Self-belief does it for the German after her win over Williams as she rallies past her higher-ranked opponent in the semi-finals.
Wimbledon: Lisicki beats Radwanska to reach first slam final
LONDON // A giddy Sabine Lisicki could barely contain her excitement after becoming the first German to reach the women's singles final at Wimbledon for 14 years.
Lisicki overpowered Agnieszka Radwanska to take the first set of today's semi-final on Centre Court, but the Polish fourth seed hit back to take the second and then went ahead in the third.
The German somehow summoned the strength to survive, breaking back before going on to record a 6-4, 4-6, 9-7 win after two hours and 18 minutes on court.
"It's unbelievable. The last few games were so exciting," said a smiling Lisicki, who beat Serena Williams earlier in the tournament.
"We were fighting, Agnieszka played so well throughout the match. It was a battle. I'm so happy to have won that.
"I fought with all my heart and believed I could still win no matter what the score was."
Lisicki was in a similar situation in her fourth-round match against Williams, winning in three after squandering a one-set lead.

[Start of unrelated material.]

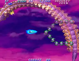 Из нововведений можно отметить «option shot». Есть 2 вида спутника — маленький, крутящийся вокруг корабля, стреляющийся стандартными пулями (option seed), и большой, стреляющий тем же оружием, что и кораблик (option). Игроки могут использовать option, как большой снаряд, и option seed как лимитное (одна секунда) большое защитное поле. Два «option seed» образуют один «option». Игра является двухмерной, но в ней активно фигурируют спрайтовые и 3D объекты. Чем дольше игрок находится в игре, тем выше поднимается её сложность. Она сбрасывается после погибели кораблика.
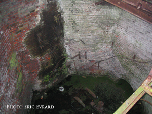 A l'intérieur, subsiste toujours, mais en mauvais état, la rambarde qui surplombe le puits proprement dit, ce dernier étant cuvelé de briques. La nappe aquifère se trouve à quelques mètres du niveau du sol. On distingue latéralement une galerie voûtée qui semble prendre la direction des installations de la fosse, vers le sud, et par lequel s'évacue l'eau jaillissant en petite quantité. On distingue encore une voûte en maçonnerie et l’ébauche d’une autre galerie dans la direction du coron, vers l’est. Enfin, noyée dans cette eau, reste une pompe avec ses tuyauteries et ses deux volants d'inertie.

"It was a little bit like that in the third set when I was down 3-0," Lisicki added on the BBC.
"I thought, 'Okay, you did it against Serena so you can do it today as well'. "It gave me so much confidence. I'm so, so happy I was able to finish it.

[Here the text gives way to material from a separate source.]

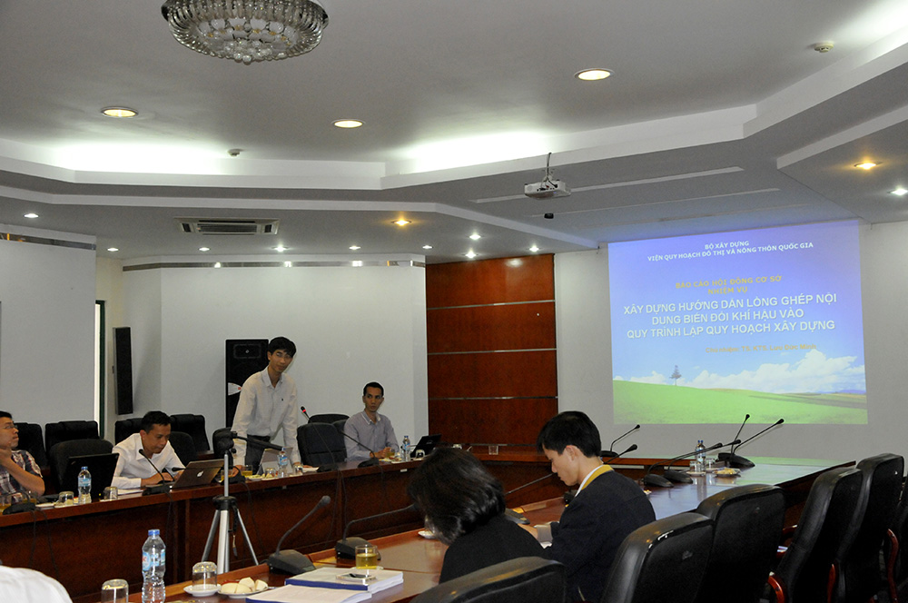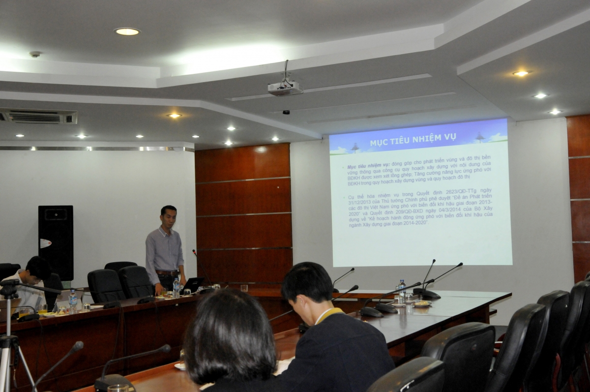 Tiếp đó, ThS. Nguyễn Việt Dũng thay mặt nhóm nghiên cứu trình bày nội dung nghiên cứu. Mục tiêu của nhiệm vụ nhằm đóng góp cho phát triển vùng và đô thị bền vững thông qua công cụ quy hoạch xây dựng với nội dung của BĐKH được xem xét lồng ghép. Tăng cường năng lực ứng phó với BĐKH trong QHXD vùng và QHĐT.

"Wimbledon is my favourite tournament, I love it so much and I love being in England. I cannot believe I'm in the final."
Tomorrow's match against Marion Bartoli will be Lisicki's first appearance in a grand slam final.
It will also be the first time that a German has reached a grand slam singles final since 1999 when Steffi Graf lost to Lindsay Davenport.
"Steffi wished me luck before the match," Lisicki said. "I haven't thought about the final. I'll be happy for today and I can re-focus tomorrow."
Radwanska, last year's runner-up, defended her abrupt, cool handshake with Lisicki at the net.
"What should I do? Dance?," she said, aware that with Williams, Maria Sharapova and Victoria Azarenka out of the tournament, a golden opportunity for a maiden Grand Slam title had passed her by.
"I wasn't quick enough. I had played a lot of tennis and if the semi-final was played in two days' time it would be a different match."